Two equivalent definitions of injective modules

Question

According to my lecture notes, these two definitions of an injective module are equivalent:

(Let $R$ be a ring, $Q$ an $R$-module.)

1. For every injective $R$-module homomorphism $u:M’ \rightarrow M$ and every $R$-module homomorphism $f:M’ \rightarrow Q$, there is a $R$-module homomorphism $\tilde{f}:M \rightarrow Q$ such that $\tilde{f} \circ u = f$.

2. For every ideal $I$ in $R$ and every $R$-module homomorphism $f:I \rightarrow Q$ there is a $R$-module homomorphism $\tilde{f}:R \rightarrow Q$ such that $\tilde{f}|_I = f$.

I can see how $(2)$ is just a particular case of $(1)$, but I’m not sure how to prove the other direction. I’ve been told Zorn’s lemma can be used here but I don’t see how. Any help would be appreciated.

(I’ve seen there’s already a few questions regarding equivalent definitions of injective modules on this site, but I haven’t found any dealing with definition $(2)$.)

Answer 1

WLOG, take $u : M’ \to M$ to be the inclusion of a submodule.

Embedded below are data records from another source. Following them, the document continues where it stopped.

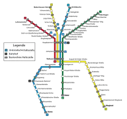 Bielefeld is served by a Stadtbahn which can be classified as a mixture of light rail, tram and metro. (see the network plan on the right). Where the Stadtbahn doesn't go, there is an extensive bus network. With headways as low as ten minutes. As is usual in Germany, tickets for bus and Stadtbahn are integrated with each other and operate on the proof of payment system.
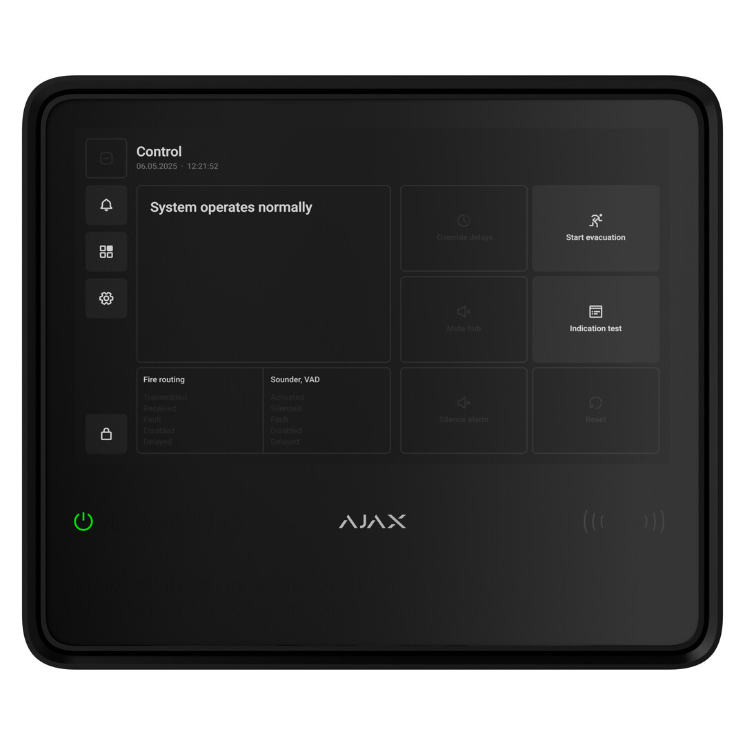 De AJAX EN54 Fire Hub is een draadloze EN54 brandmeldcentrale met geïntegreerde communicatie- en bedieningsmogelijkheden via een groot touchscreen. De Fire Hub voldoet aan de gestelde normen (EN 54) en biedt snelle alarmdoorgifte, intuïtief beheer via apps of lokaal scherm en flexibele communicatie via Wi-Fi, Ethernet en 4G simkaarten.
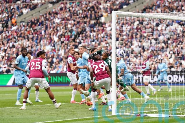West Ham, with no such lofty ambitions after a miserable season, almost took the lead in the second minute when Vladimir Coufal – who along with Aaron Cresswell was playing his final home match for the club – crossed for Tomas Soucek, whose header was tipped over by Matz Sels.
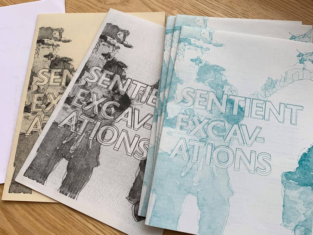 After months of hard work and going back and forth – from our graphic designer to the printers, and back – our exhibition catalogue for Sentient Excavations is finally where it is intended to be – in the office, accompanying the artworks of Juliet Scott and Simone Kennedy. It completes their exhibition, giving context to how it came about, and how the Institute arrived at where we are now – weaving together art and social science.
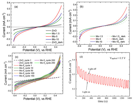 Figure 6d displays the photocurrent response of the Mo-5 sample for several on–off cycles at an applied potential of 0.5 V vs. RHE under chopped illumination. When illumination commences, a sharp increase in the current response is increased, which is attributed to the photogeneration of charged carriers. The current response in the dark does not approach the zero values, indicating that ZnO/MoS2 heterostructures also exhibit electrocatalytic behavior in accordance with their high values of dark currents, shown in Figure 6b.
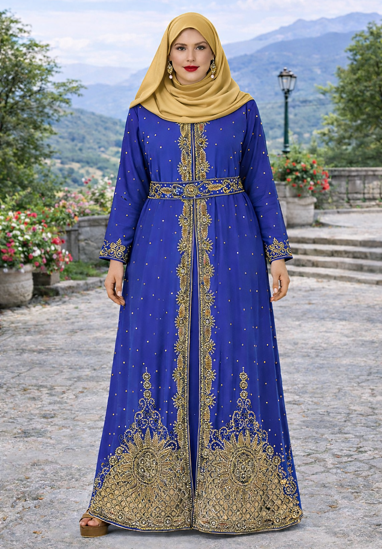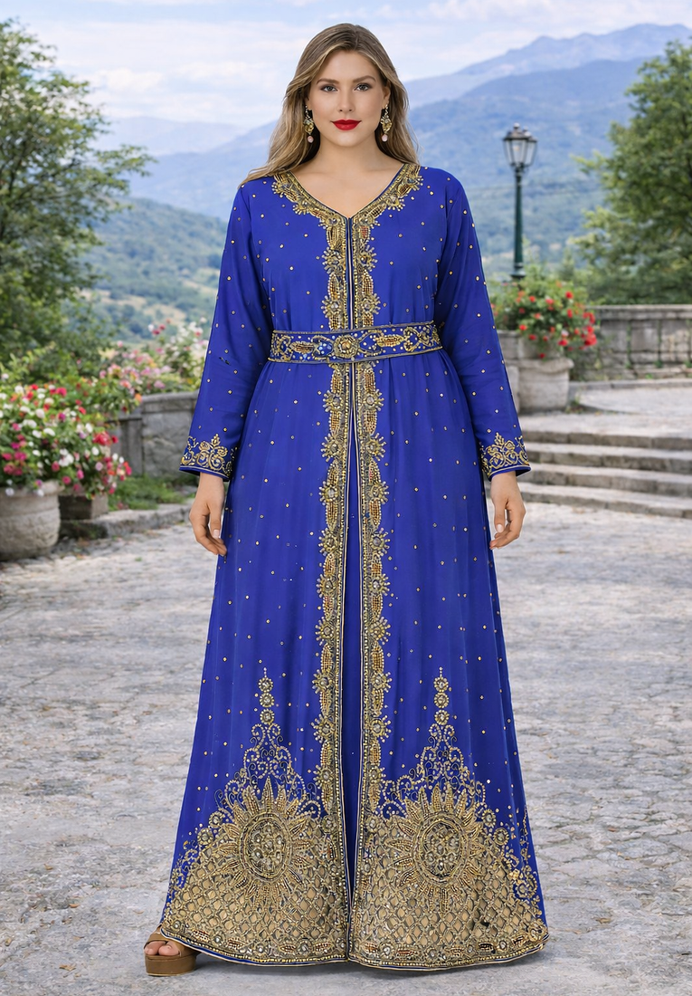 | Product Description | This Breathtaking Kaftan Gown Captures The Essence Of Luxury Event Wear, Ideal For Weddings, Receptions, And Gala Evenings. Made From Soft, Flowing Georgette, It Falls Beautifully To A Full Length Silhouette And Features A Flattering V Neckline That Adds A Touch Of Modern Grace. Every Inch Of The Gown Is Richly Detailed With Intricate Gold And Silver Toned Hand Embroidery, Highlighted By Delicate Sparkling Embellishments Arranged In A Traditional Pattern. The Flowing Split Batwing Style Cape Sleeves Drape Elegantly To The Floor, Creating A Sense Of Movement And Regal Charm. Designed To Turn Heads, This Piece Is Perfect For Making A Lasting Impression At Any Grand Occasion. |
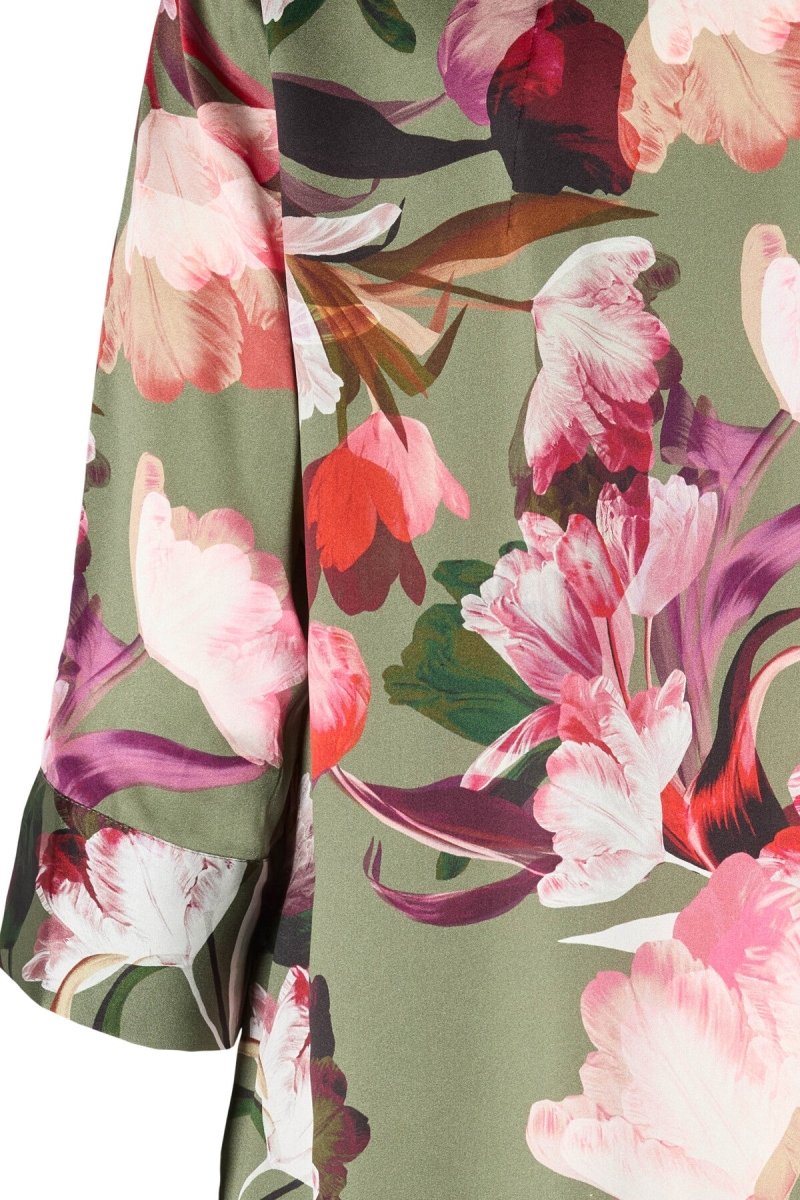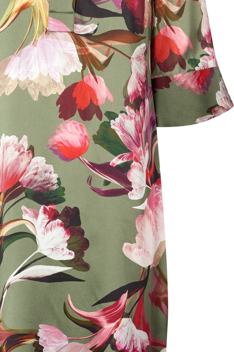 Deze elegante midi jurk is vervaardigd uit een luxe zijdeblend en straalt pure verfijning uit. Het rijke bloemendessin in warme tinten op een zachte armygroene basis geeft de jurk een vrouwelijke en tijdloze uitstraling. De subtiele glans van de zijde zorgt voor een exclusieve look en een soepel vallend silhouet.
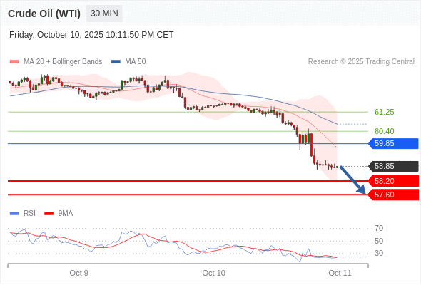 在 59.85 之下,看跌,目标价位为 58.20 ,然后为 57.60 。
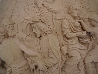 14 neugotische Stationsbilder, Sandsteinreliefs, bezeichnet 1869.
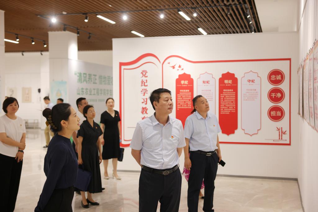 为进一步强化党的纪律建设,扎实开展党纪学习教育,深入学习贯彻新修订的《中国共产党纪律处分条例》(以下简称《条例》),学校利用大学生廉洁文化作品宣传展,在淄博校区布置“党纪学习教育专题展”。6月13日,校党委理论学习中心组全体成员开展现场教学。
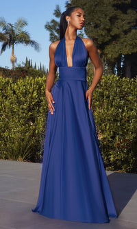 Versatile and chic, this long infinity prom dress by Ladivine offers a variety of necklines that makes it easy to change up your look whenever you please. Long ruched straps extend from the wide waistband of this a-line prom dress and can be crossed, twisted, and arranged in many different ways. Pulling the straps off to the side of your neck creates a one-shoulder prom dress with a sultry front cut out, while tying the straps behind the neck creates a halter prom dress with a plunging low v-neckline. The floor-length faux-wrap skirt on this infinity prom dress has a high side slit that heightens the allure. With this gorgeous long infinity prom dress, you're guaranteed multiple looks in one design.
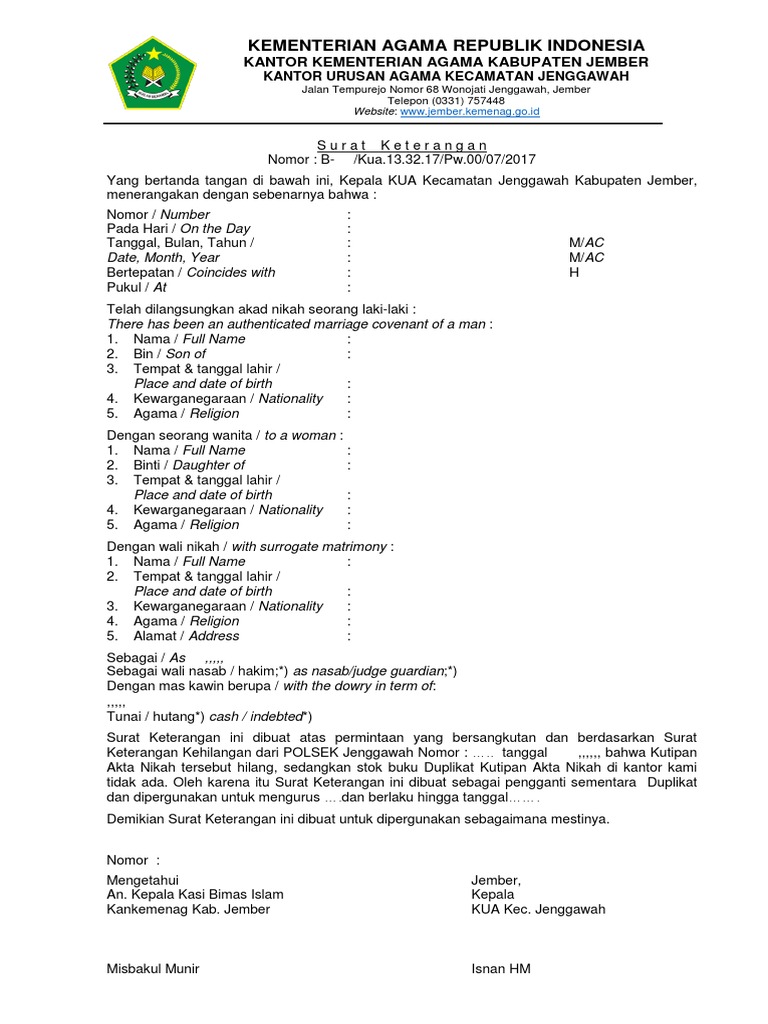 Contoh slip gaji karyawan swasta resmi format ms. Contoh surat nikah siri resmi education in 2019 perkawinan contoh surat keterangan nikah. Surat ini dibutuhkan misalnya sebagai pengganti buku nikah yang mungkin saja hilang atau terbakar atau karena hal lain. Bagi anda yang kehilangan akta nikah entah karena rusak hilang atau disebabkan bencana maka salah satu syaratnya adalah surat pengantar dari kua penerbit akta nikah anda ke kantor polisi bisa polres atau polsek untuk mendapatkan surat kehilangan. Contoh surat keterangan kehilangan ngurus surat keterangan hilang stnk di surabaya tidak bisa langsung surat kehilangan t keringa. Contoh surat keterangan sudah menikah.
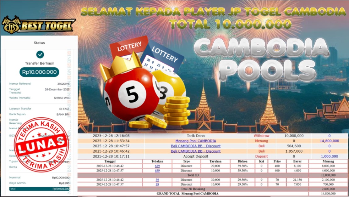 BUKTI JACKPOT TOGEL CAMBODIA POOLS RP.10.000.000,- LUNAS
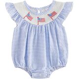 • MATERIAL: Cotton blend smocked romper bubble onesie, 4th of july baby girl outfits, soft and comfortable cute and boutique american flag baby girl outfit, 4th of july outfit for baby girls
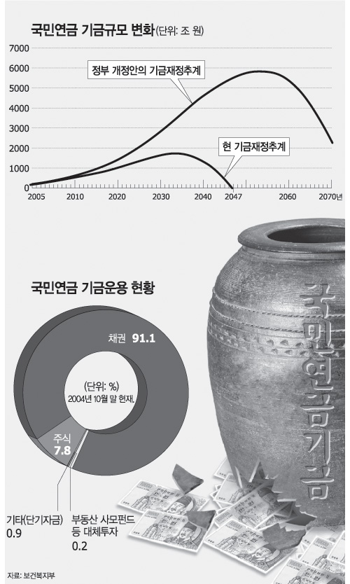 하지만 이는 합계출산율(여성 1명이 평생 낳는 자녀의 수)을 1.4명으로 잡고 계산한 것이어서 출산율의 급격한 저하를 반영하면 2070년까지 연장은 무리다. 게다가 보험료는 놔두고 노후 연금만 50%로 줄이자는 열린우리당의 방안은 고갈 시점을 5년 연장하는 효과밖에 없다. 미봉책이라는 비판이 나오는 이유가 그래서다.
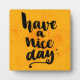 Bonne journée ! Calligraphie à encre noire vectorielle pour cartes, impressions et contenu de médias sociaux, design de mode. Citation positive, en lettrant sur l'arrière - plan grunge jaune. | Bigstock® - Tous droits réservés.
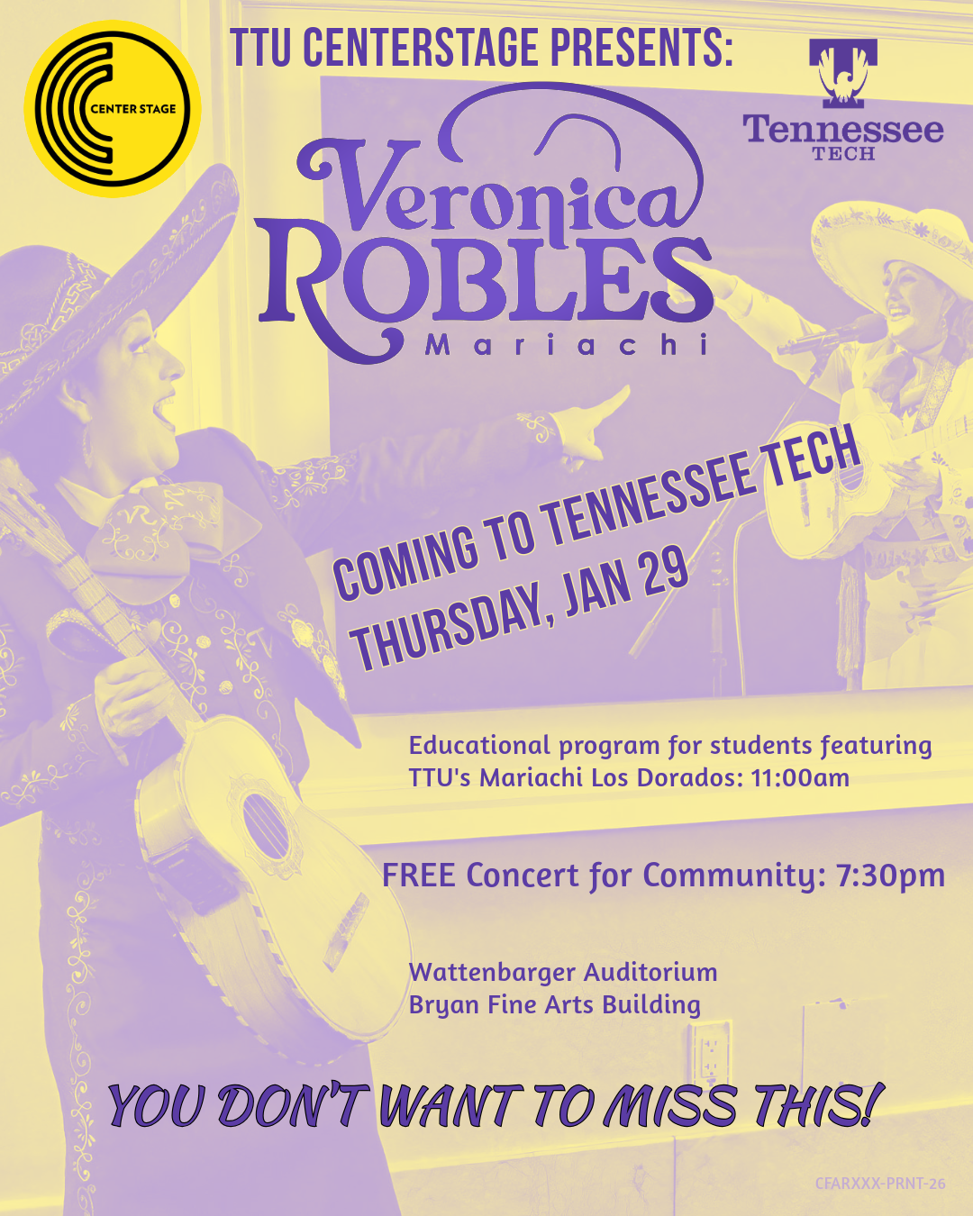 Center Stage is proud to bring mariachi superstar, Veronica Robles, and her band from Boston to Tennessee Tech. She and her ensemble members will be doing a residency on January 28 and 29, including a masterclass with our very own Mariachi los Dorados de TN Tech, a Dead Hour educational program, and a free concert open to the public on Jan. 29 at 7:30pm in Wattenbarger Auditorium.

Consider the partial order $(S, \leq)$ defined by $S = \{(W, g) \mid W$ is a submodule of $M$, $g : W \to Q$ is $R$-linear$\}$ and $(W, g) \leq (X, h)$ if and only if both $W \subseteq X$ and $h|_W = g$.

Note that every chain of $S$ has a least upper bound. In particular, if $C$ is a chain in $S$, then let $W = \{0\} \cup \bigcup\limits_{(X, h) \in C} X$ and define

$$g(x) = \begin{cases} h(x) & x \in X, (X, h) \in C \\ 0 & x = 0 \end{cases}$$

Then $W$ is a submodule of $M$, $g$ is a well-defined linear map $g : W \to Q$, and $(W, g)$ is an upper bound of $C$.

Now recall the following version of Zorn’s Lemma:

Let $(S, \leq)$ be a poset, and suppose every chain in $S$ has an upper bound. Then for all $x \in S$, there is a maximal element $x \leq m \in S$.

Applying this version of Zorn’s Lemma with $x = (M’, f)$ gives us some maximal $(W, g) \in R$ with $M’ \subseteq W$ and $g|_{M’} = f$. It now suffices to prove that $W = M$.

Consider an arbitrary $x \in M$. Let $I = \{r \in R \mid rx \in W\}$. Then $I$ is an ideal. Note that the map $h(r) = g(rx)$ is an $R$-module homomorphism $h : I \to Q$. Extend this to an $R$-module homomorphism $\tilde{h} : R \to Q$.

Now define $X = W + (x)$, and define $i : X \to Q$ by $i(w + rx) = g(w) + \tilde{h}(r)$ whenever $w \in W$, $r \in R$. Verify that $i$ is well-defined and $R$-linear. Then $(W, g) \leq (X, i)$. Since $(W, g)$ is maximal, we have $W = X$ and thus $x \in W$.

Therefore, $W = M$. So $g = \tilde{f}$ is the function we require.

Finally, note that we do require Zorn’s Lemma (or at least some form of the axiom of choice) to show (2) implies (1). This is because we can show without choice that $\mathbb{Q}$ is an injective $\mathbb{Z}$-module using definition (2), but we cannot show this using definition (1). See my answer here.